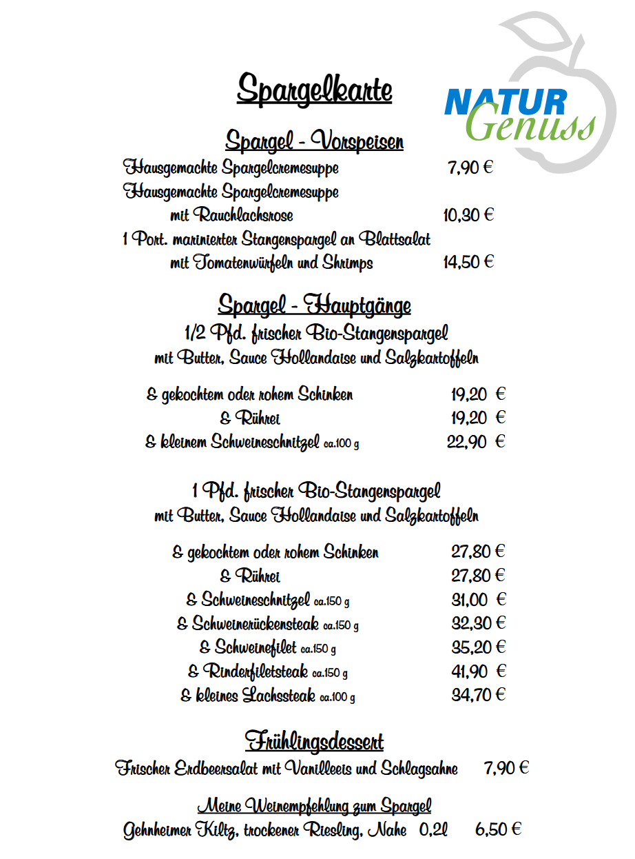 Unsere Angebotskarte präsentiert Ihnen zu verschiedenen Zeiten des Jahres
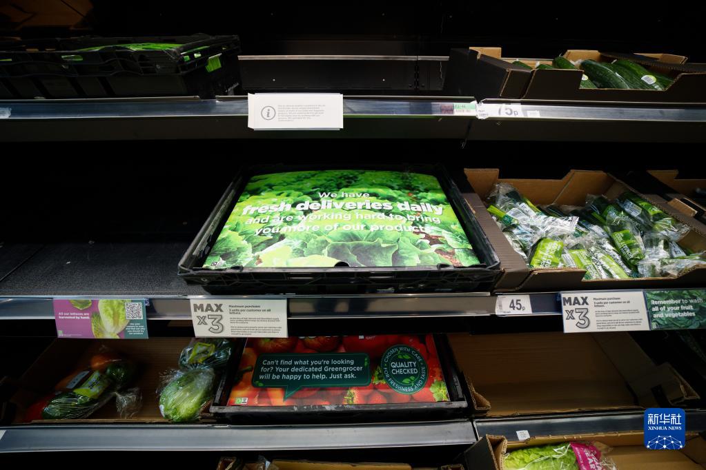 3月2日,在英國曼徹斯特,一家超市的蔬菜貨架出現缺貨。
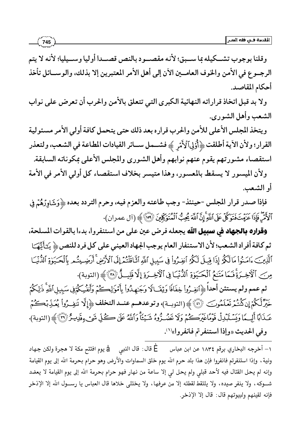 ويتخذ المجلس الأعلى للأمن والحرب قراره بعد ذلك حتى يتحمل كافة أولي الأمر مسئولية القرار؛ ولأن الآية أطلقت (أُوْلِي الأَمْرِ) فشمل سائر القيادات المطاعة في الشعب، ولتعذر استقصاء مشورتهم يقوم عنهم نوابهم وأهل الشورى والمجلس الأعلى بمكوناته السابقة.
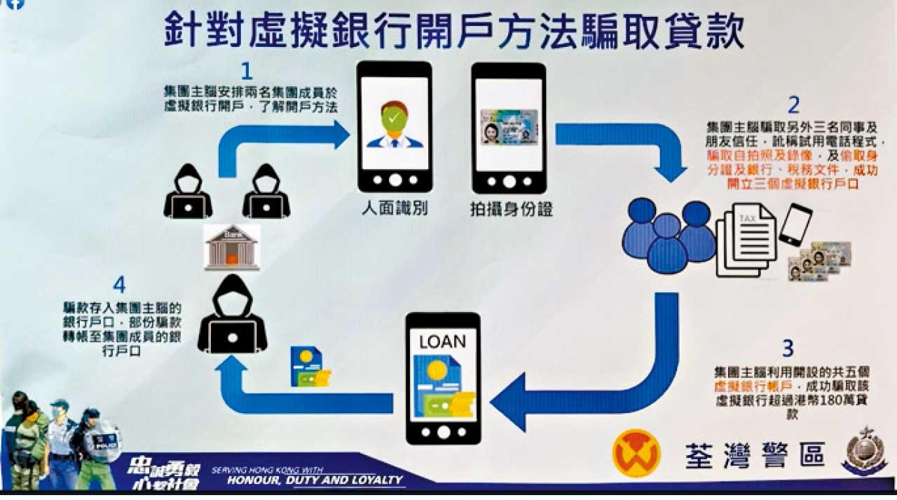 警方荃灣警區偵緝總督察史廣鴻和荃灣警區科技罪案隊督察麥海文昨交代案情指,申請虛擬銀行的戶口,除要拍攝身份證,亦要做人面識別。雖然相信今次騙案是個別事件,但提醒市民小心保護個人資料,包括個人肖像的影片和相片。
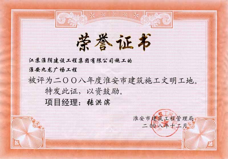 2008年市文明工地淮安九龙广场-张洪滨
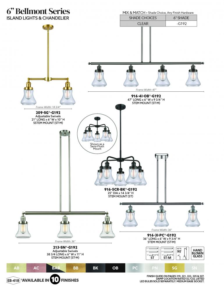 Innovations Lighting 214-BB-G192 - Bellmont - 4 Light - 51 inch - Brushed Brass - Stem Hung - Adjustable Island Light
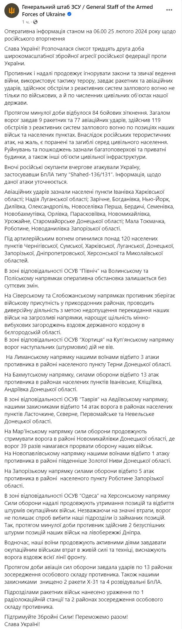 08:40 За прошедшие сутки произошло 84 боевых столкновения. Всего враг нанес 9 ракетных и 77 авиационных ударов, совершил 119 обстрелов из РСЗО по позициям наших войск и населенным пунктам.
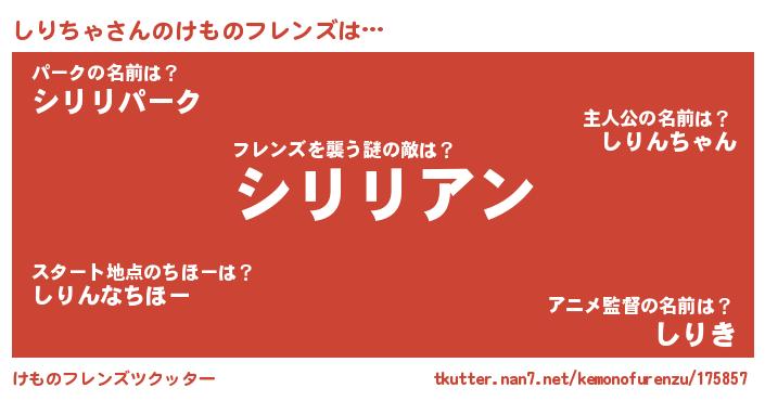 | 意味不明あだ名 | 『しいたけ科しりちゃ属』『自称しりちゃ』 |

==

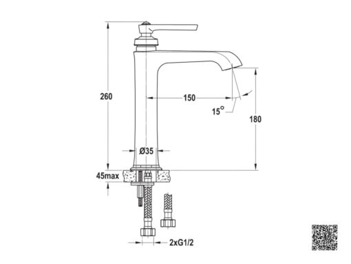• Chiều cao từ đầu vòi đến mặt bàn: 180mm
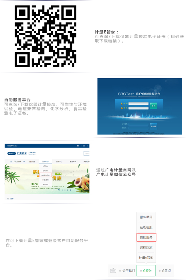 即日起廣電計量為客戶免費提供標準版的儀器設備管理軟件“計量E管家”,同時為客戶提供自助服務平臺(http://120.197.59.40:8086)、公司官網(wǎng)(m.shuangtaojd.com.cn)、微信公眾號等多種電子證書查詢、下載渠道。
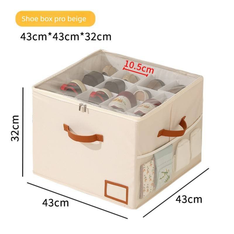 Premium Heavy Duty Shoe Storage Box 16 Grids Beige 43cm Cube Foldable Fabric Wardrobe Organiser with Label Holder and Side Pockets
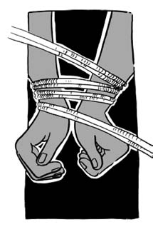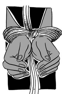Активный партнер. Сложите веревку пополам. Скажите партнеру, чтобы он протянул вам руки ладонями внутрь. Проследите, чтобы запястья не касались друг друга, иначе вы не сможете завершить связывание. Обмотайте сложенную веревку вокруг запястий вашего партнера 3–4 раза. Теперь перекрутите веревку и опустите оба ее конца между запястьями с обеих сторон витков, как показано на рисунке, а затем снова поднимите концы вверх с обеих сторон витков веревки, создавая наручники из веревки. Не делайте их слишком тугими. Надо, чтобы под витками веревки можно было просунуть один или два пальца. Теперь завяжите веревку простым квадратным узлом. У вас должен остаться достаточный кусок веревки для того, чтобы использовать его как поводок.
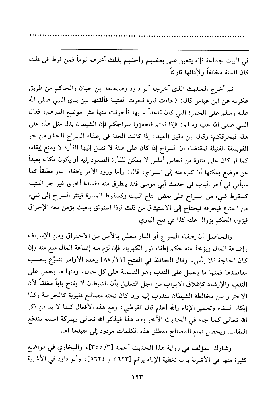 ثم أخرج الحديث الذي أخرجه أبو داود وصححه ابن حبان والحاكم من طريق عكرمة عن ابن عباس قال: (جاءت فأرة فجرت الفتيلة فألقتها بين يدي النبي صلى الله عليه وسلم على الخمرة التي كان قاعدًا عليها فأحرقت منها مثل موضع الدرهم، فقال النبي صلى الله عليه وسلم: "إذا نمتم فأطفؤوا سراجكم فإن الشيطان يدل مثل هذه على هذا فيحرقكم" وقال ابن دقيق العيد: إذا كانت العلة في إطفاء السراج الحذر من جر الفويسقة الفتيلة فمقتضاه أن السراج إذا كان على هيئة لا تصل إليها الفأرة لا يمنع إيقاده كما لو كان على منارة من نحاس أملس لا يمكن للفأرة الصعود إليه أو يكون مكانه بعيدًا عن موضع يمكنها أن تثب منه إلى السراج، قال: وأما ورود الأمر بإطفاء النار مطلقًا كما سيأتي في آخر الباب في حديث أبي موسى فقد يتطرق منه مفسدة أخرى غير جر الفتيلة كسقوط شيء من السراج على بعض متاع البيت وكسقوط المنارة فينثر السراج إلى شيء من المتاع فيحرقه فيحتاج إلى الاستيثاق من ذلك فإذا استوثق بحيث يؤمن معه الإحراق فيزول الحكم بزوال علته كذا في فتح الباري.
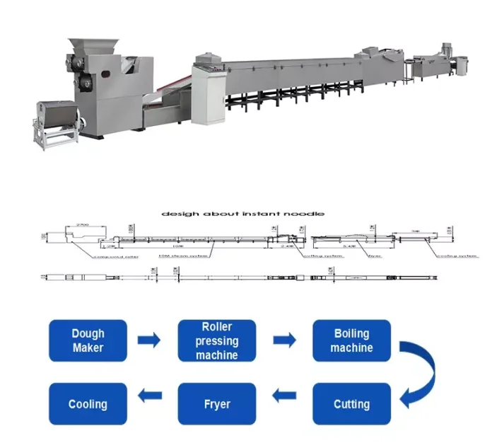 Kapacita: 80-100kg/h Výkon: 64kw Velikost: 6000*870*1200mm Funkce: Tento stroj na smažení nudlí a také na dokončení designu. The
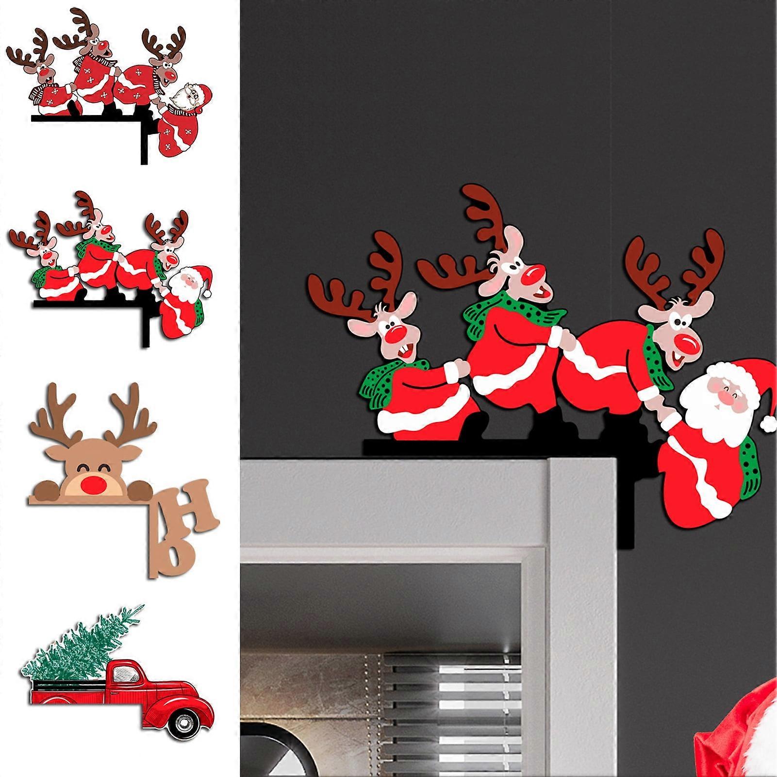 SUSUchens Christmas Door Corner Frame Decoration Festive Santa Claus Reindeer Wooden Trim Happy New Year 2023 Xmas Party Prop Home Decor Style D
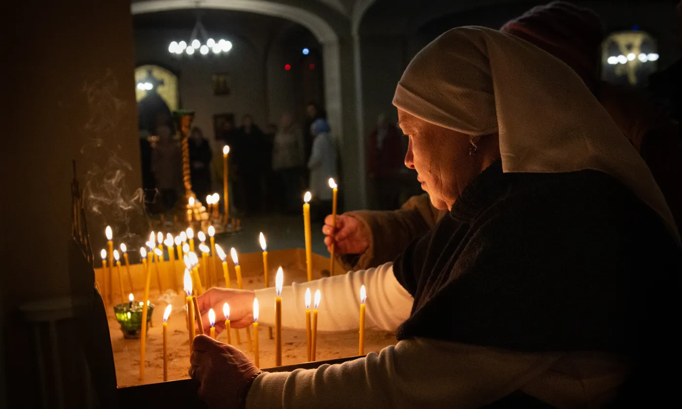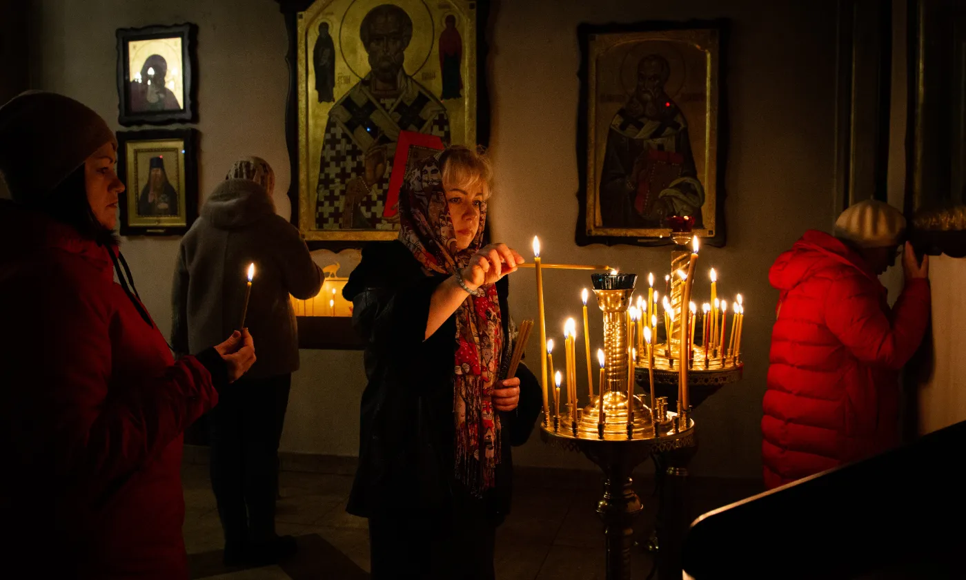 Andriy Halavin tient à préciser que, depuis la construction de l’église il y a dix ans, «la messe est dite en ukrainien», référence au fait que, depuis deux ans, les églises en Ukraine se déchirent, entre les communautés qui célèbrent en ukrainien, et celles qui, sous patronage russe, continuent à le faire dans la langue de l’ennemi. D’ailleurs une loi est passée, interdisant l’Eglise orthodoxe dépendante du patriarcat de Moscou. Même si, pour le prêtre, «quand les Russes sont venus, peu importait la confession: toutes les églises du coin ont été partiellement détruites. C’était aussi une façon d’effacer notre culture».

---

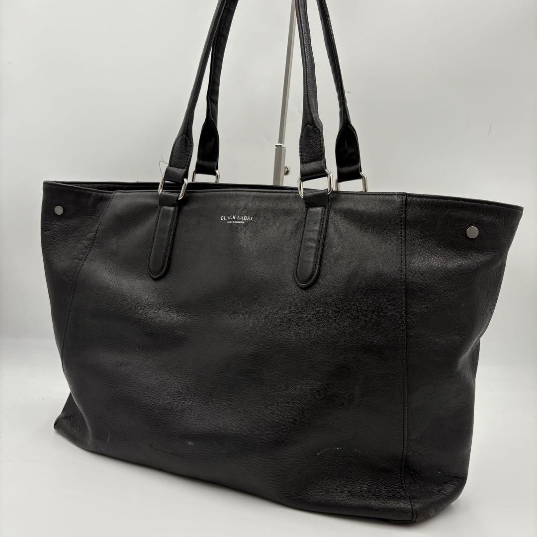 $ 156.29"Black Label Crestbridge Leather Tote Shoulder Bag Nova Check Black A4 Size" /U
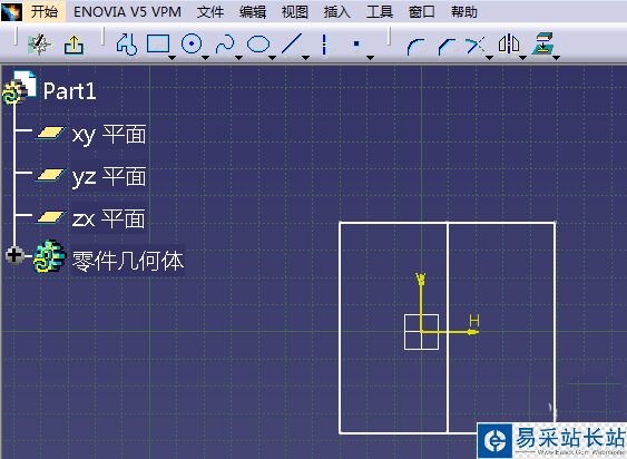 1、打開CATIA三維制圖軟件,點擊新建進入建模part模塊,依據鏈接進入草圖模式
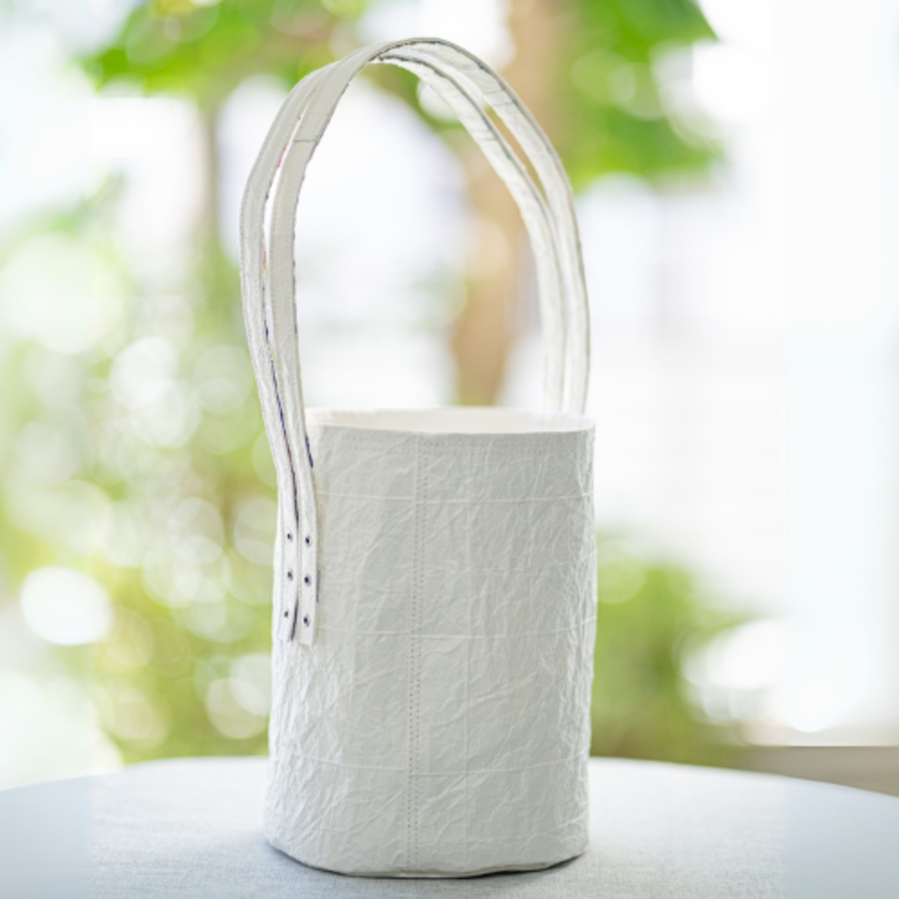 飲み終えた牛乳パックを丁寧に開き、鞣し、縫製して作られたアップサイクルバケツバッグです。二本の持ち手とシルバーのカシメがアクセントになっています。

## [REQUIREMENT]
After locating "Unsere Angebotskarte präsentiert" and "3月2日,在英國曼徹斯特,一家超市的蔬菜貨架出現缺貨。" in the records above, return exactly the line holding each one and every line between them; leave out the pictures.

## [ANSWER TO THE PROBLEM]
 Unsere Angebotskarte präsentiert Ihnen zu verschiedenen Zeiten des Jahres
 3月2日,在英國曼徹斯特,一家超市的蔬菜貨架出現缺貨。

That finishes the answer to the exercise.